• [Problem]: From the records that follow, return exactly the lines beginning at the one that contains "Bring a whole" and ending at the one that contains "Push button combination", pictures left out.
BEGIN Data shown
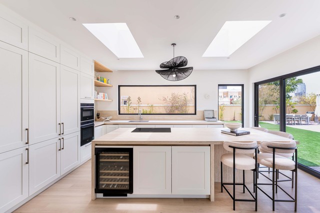 Soft tones such as taupe, beige, navy, or pale blue add understated sophistication. These accents can be introduced through furniture, splashbacks, or textiles, creating kitchens that feel warm yet versatile.
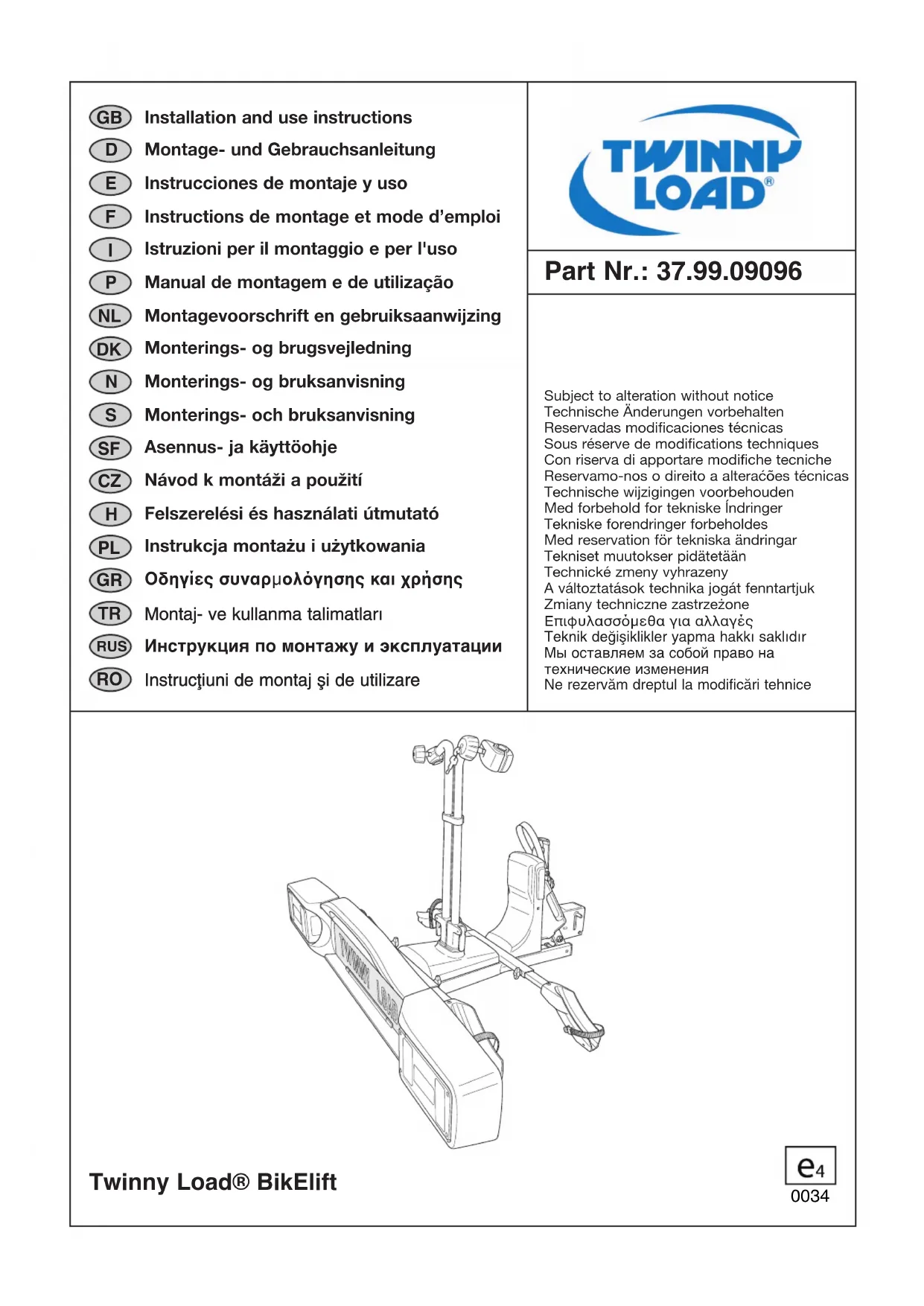 BikElift 2011 - Porte-vélo Twinny Load - Notice d'utilisation et mode d'emploi gratuit
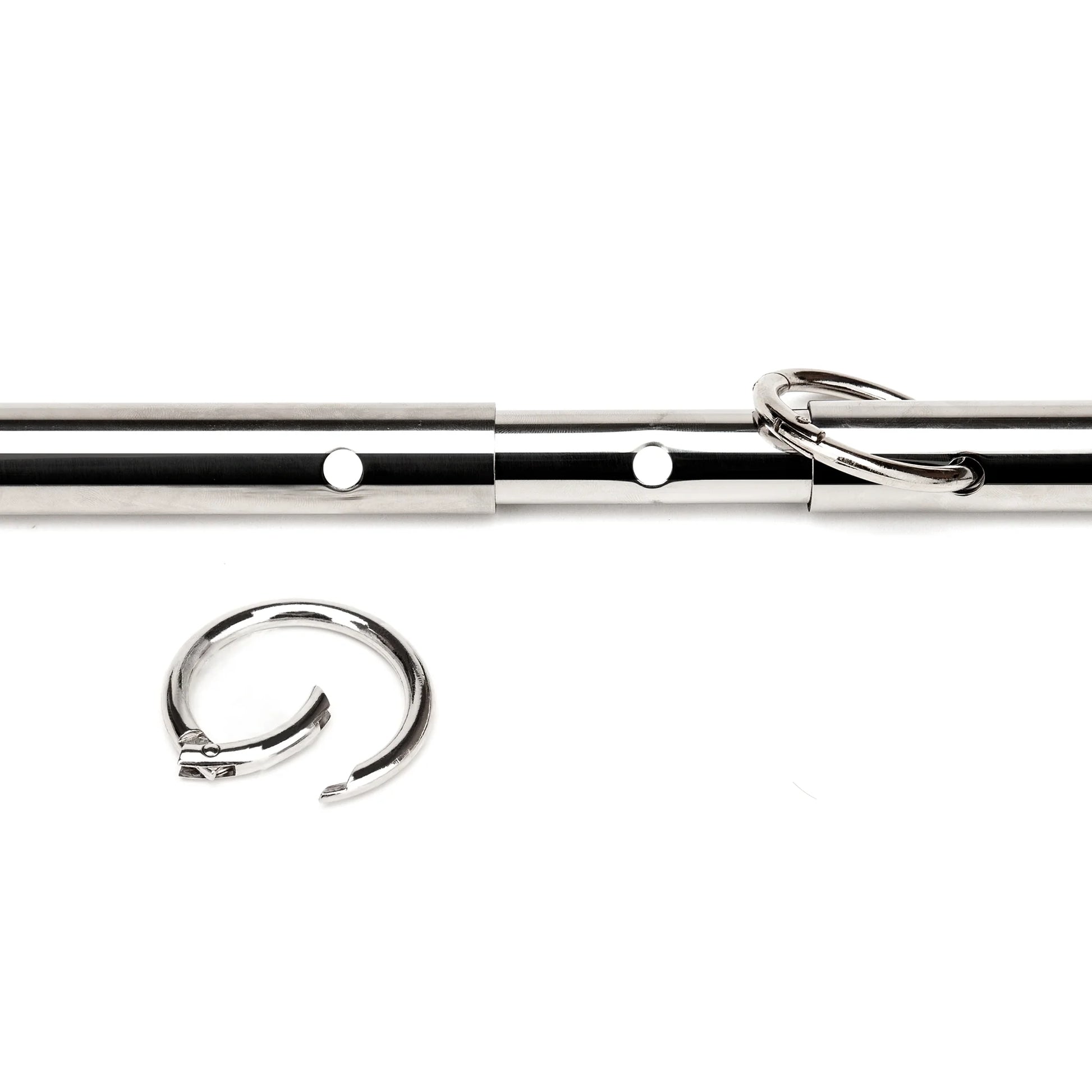 Bring a whole new level of pleasure to your bedroom play with the 4 Cuff Expandable Spreader Bar Set! Get wild, be the boss, and keep your partner secure and comfortable with this clever kinky gear. Easy-to-use quick-release D-rings make access a breeze, and you can make it as wide as you please - giving you all the freedom to explore your passion and play by your own rules. Perfect for all couples and all levels of positions, plus discreet enough to stow away when you're done. Let's get it on!
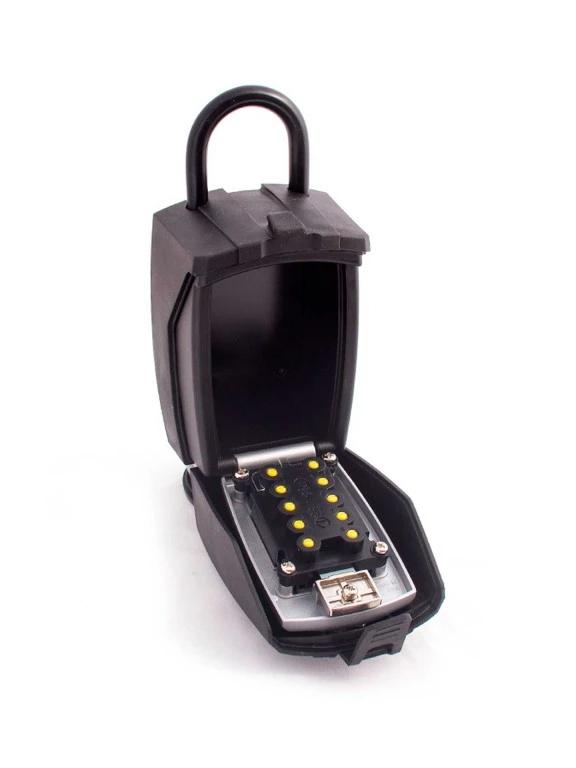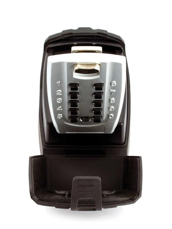 Push button combination locking system. Large key storage area – fits most key types. Heavy duty toughened steel metal case. Weatherproof Cover.
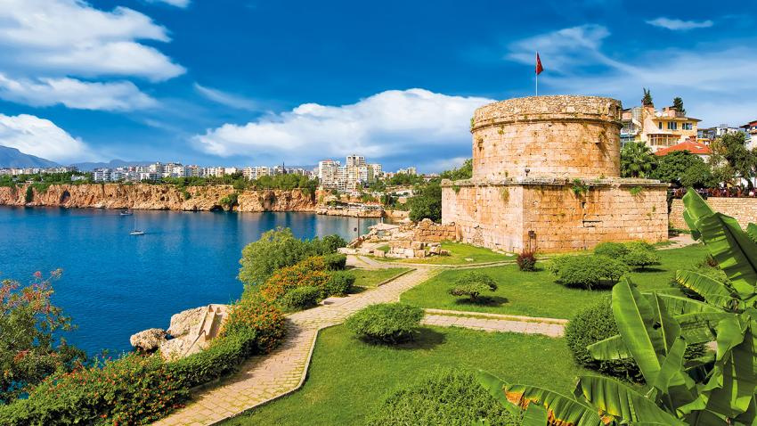 Antalyába látogatunk, amely a Török Riviéra egyik legszebb városa. A Taurus-hegység csúcsai és a régióra jellemző növényzet csodálatos látványt nyújtanak. Megnézzük a város szimbólumait, többek között a Yivli Minaretet, az óratornyot, a kikötőt és a régi városfalat. A séta folyamán lehetőségük lesz vásárolni. Ezen kívül alkalmuk nyílik meglátogatni egy ékszer- és egy bőrmanufaktúrát, ahol kedvező áron juthatnak a török kézművesipar remekeihez. A kirándulás fénypontja a Karpuzkaldiran-vízesés megtekintése. Szállás Antalya környékén.
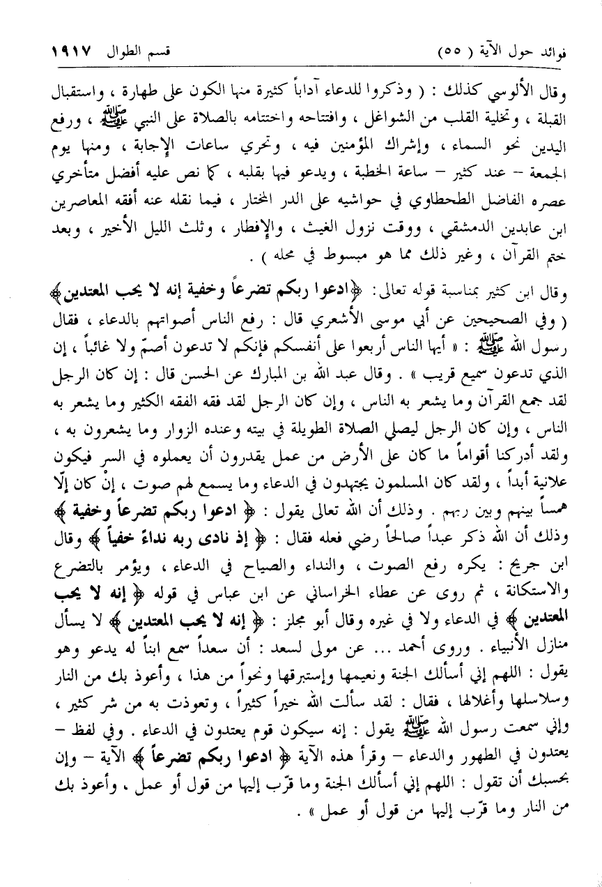 وقال ابن كثير بمناسبة قوله تعالى: ادْعُوا رَبَّكُمْ تَضَرُّعاً وَخُفْيَةً إِنَّهُ لا يُحِبُّ الْمُعْتَدِينَ (وفي الصحيحين عن أبي موسى الأشعري قال: رفع الناس أصواتهم بالدعاء، فقال رسول الله صلى الله عليه وسلم: «أيها الناس أربعوا على أنفسكم فإنكم لا تدعون أصم ولا غائبا، إن الذي تدعون سميع قريب». وقال عبد الله بن المبارك عن الحسن قال: إن كان الرجل لقد جمع القرآن وما يشعر به الناس، وإن كان الرجل لقد فقه الفقه الكثير وما يشعر به الناس، وإن كان الرجل ليصلي الصلاة الطويلة في بيته وعنده الزوار وما يشعرون به، ولقد أدركنا أقواما ما كان على الأرض من عمل يقدرون أن يعملوه في السر فيكون علانية أبدا، ولقد كان المسلمون يجتهدون في الدعاء وما يسمع لهم صوت، إن كان إلا همسا بينهم وبين ربهم. وذلك أن الله تعالى يقول: ادْعُوا رَبَّكُمْ تَضَرُّعاً وَخُفْيَةً وذلك أن الله ذكر عبدا صالحا رضي فعله فقال: إِذْ نادى رَبَّهُ نِداءً خَفِيًّا وقال ابن جريح: يكره رفع الصوت، والنداء والصياح في الدعاء، ويؤمر بالتضرع والاستكانة، ثم روى عن عطاء الخراساني عن ابن عباس في قوله إِنَّهُ لا يُحِبُّ الْمُعْتَدِينَ في الدعاء ولا في غيره وقال أبو مجلز: إِنَّهُ لا يُحِبُّ الْمُعْتَدِينَ لا يسأل منازل الأنبياء. وروى أحمد ... عن مولى لسعد: أن سعدا سمع ابنا له يدعو وهو يقول: اللهم إني أسألك الجنة ونعيمها وإستبرقها ونحوا من هذا، وأعوذ بك من النار وسلاسلها وأغلالها، فقال: لقد سألت الله خيرا كثيرا، وتعوذت به من شر كثير، وإني سمعت رسول الله صلى الله عليه وسلم يقول: إنه سيكون قوم يعتدون في الدعاء. وفي لفظ- يعتدون في الطهور والدعاء- وقرأ هذه الآية ادْعُوا رَبَّكُمْ تَضَرُّعاً الآية- وإن بحسبك أن تقول: اللهم إني أسألك الجنة وما قرب إليها من قول أو عمل، وأعوذ بك من النار وما قرب إليها من قول أو عمل».
END Data shown
• [Reply]:
 Bring a whole new level of pleasure to your bedroom play with the 4 Cuff Expandable Spreader Bar Set! Get wild, be the boss, and keep your partner secure and comfortable with this clever kinky gear. Easy-to-use quick-release D-rings make access a breeze, and you can make it as wide as you please - giving you all the freedom to explore your passion and play by your own rules. Perfect for all couples and all levels of positions, plus discreet enough to stow away when you're done. Let's get it on!
 Push button combination locking system. Large key storage area – fits most key types. Heavy duty toughened steel metal case. Weatherproof Cover.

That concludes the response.